I've been working to try and do proper squats, and its been a long process (way longer than I imagined). One problem keeping me from lifting the weight I should be lifting is some weirdness in one of my hip joint, but I think I'm slowly resolving that. but the other problem, is when I start using weight that approaches my max, I sometimes get this weird pop in the base of my skull which burns, makes me a tad dizzy and hard to see straight for a couple of minutes. This is the point that I stop, even though the weight doesn't seem to be too much otherwise. I'm trying to figure out what this pop is, and if it has anything (perhaps) to do with this spinal fluid issue.

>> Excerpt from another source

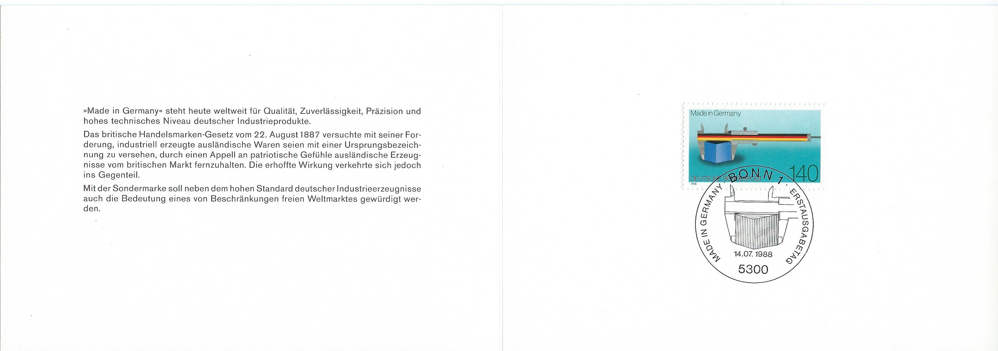 Hier eine Ministerkarte von Dr. Schwarz-Schilling, allerdings ohne Autogramm. Ausgabeanlass 100 Jahre Herkunftsbezeichnung "Made in Germany" auf Mi.Nr. 1378:
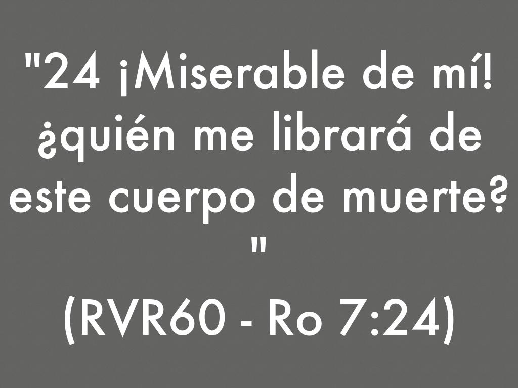"24 ¡Miserable de mí! ¿quién me librará de este cuerpo de muerte? "

Ok, first let me say I don't have a source. I looked quickly for one... but could not find one. This might be 'weightlifter science.' (I don't think it is, but I am not certain.)

My understanding is that during the compression of the spine under a heavy load, some small amount of spinal fluid leaks.* (The more compression; the more leakage -- but still a minor amount.) This fluid hitting your bloodstream is what causes the puking, nausea, passing out, dizziness that can come from squats and deadlifts.

If your neck is popping, that's bad. Go get it checked out by a spinal specialist. DO NOT WASTE YOUR TIME ON A CHIROPRACTOR.

*You constantly make more spinal fluid while sleeping, so it's not as if you will run out or anything.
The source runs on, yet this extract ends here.